Retrospective cohort study.

Objective:

To assess the impact of fondaparinux on venous thromboembolism (VTE) following elective lumbar spine surgery in high-risk patients.

Methods:

Matched patient cohorts who did or did not receive inpatient fondaparinux starting postoperative day 2 following elective lumbar spine surgery were compared. All patients received 1 month of acetyl salicylic acid 325 mg following discharge. The primary outcome was a symptomatic DVT (deep vein thrombosis) or PE (pulmonary embolus) within 30 days of surgery. Secondary outcomes included prolonged wound drainage, epidural hematoma, and transfusion.

Results:

A significantly higher number of DVTs were diagnosed in the group that did not receive inpatient VTE prophylaxis (3/102, 2.9%) compared with the fondaparinux group (0/275, 0%, P = .02). Increased wound drainage was seen in 18.5% of patients administered fondaparinux, compared with 25.5% of untreated patients (P = .15). Deep infections were equivalent (2.2% with fondaparinux vs 4.9% control, P = .18). No epidural hematomas were noted, and the number of transfusions after postoperative day 2 and 90-day return to operating room rates were equivalent.

Conclusions:

Patients receiving fondaparinux had lower rates of symptomatic DVT and PE and a favorable complication profile when compared with matched controls. The retrospective nature of this work limits the safety and efficacy claims that can be made about the use of fondaparinux to prevent VTE in elective lumbar spine surgery patients. Importantly, this work highlights the potential safety of this regimen, permitting future high-quality trials.

Keywords

venous thromboembolism prophylaxis adult spine fondaparinux high-risk deep vein thrombosis pulmonary embolism

Introduction

The prevention of venous thromboembolism (VTE) following orthopedic procedures has largely focused on the trauma and adult reconstruction populations.^1

-6 However, the incidence of pulmonary embolus (PE) and deep venous thrombosis (DVT) following spine surgery has been reported to be as high as 18% and 19%, respectively^7,8 Hohl et al⁹ in their multi-institutional study of patients who underwent elective thoracolumbar surgery reported an overall VTE prevalence of 1.5%, of symptomatic PE 0.88%, and of DVT 0.66%. They also reported that while patients >65 years old at the time of surgery had a 2.196 times higher prevalence of DVT and PE, sex, instrumentation, and revision surgery were not risk factors for VTE. A National Surgical Quality Improvement Program (NSQIP) study by Schoenfeld et al¹⁰ found a 1% incidence of VTE after spine surgery at any level, with a significantly increased risk of DVT seen in patients with a body mass index ≥40 kg/m², age ≥80 years, operative time >261 minutes, and American Society of Anesthesiologists classification of ≥3.
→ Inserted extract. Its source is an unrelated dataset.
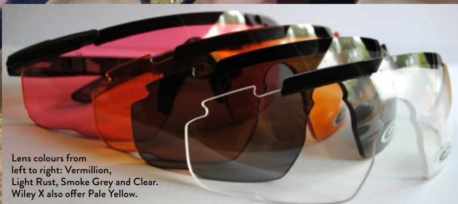
Lens colours from left to right: Vermillion, Light Rust, Smoke Grey and Clear. Wiley X also offer Pale Yellow.

However, after more than 10 years, it is good to see that there are some more affordable alternatives starting to arise in the shooting glasses market. Many are just offering a smaller assortment of lens colours, to cover the basics. This is important because as a beginner, you are simply wanting to purchase the basic equipment you need, to start developing your skills and learn what it all means. After that, you can choose to either become a serious competitor, happily stay at club level or somewhere in between. And there are now all sorts of different equipment at various price points to take you as far as you want to go, glasses included.

There is currently no gold standard for the administration of VTE prophylaxis following elective spine surgery. Current recommendations are based on limited evidence, and proposed algorithms remain controversial. Recent work suggests that the risk of bleeding complications after elective spine surgery is negligible when weight-based subcutaneous heparin or low-molecular-weight heparin is started 24 hours after surgery.^11,12 Fondaparinux, a once-a-day injectable, has been found to have an equivalent benefit, risk reduction, and complication rate after total joint surgery compared with multidose enoxaparin.¹³ However, its utility as chemoprophylaxis after spine surgery has not been established.

The purpose of the present study was to assess the impact of fondaparinux on VTE following elective lumbar spine surgery in high-risk patients. We hypothesized that fewer VTEs would occur in patients administered fondaparinux compared with matched peers, without an increased risk of postoperative complications.

Methods

Study Population and Patient Selection

In a University of Pittsburgh Institutional Review Board-approved protocol (#PRO14090068), a retrospective analysis of 6 years (January 2009 to December 2015) of patients who underwent elective lumbar (including thoracolumbar junction and lumbosacral) spine procedures was performed. Patients who received any other VTE prophylaxis during their inpatient stay (ie, warfarin, heparin, etc) were excluded from this analysis. Both primary and revision procedures were included. All patients had 7-French drains placed intraoperatively, with the number of drains dependent on intraoperative bleeding.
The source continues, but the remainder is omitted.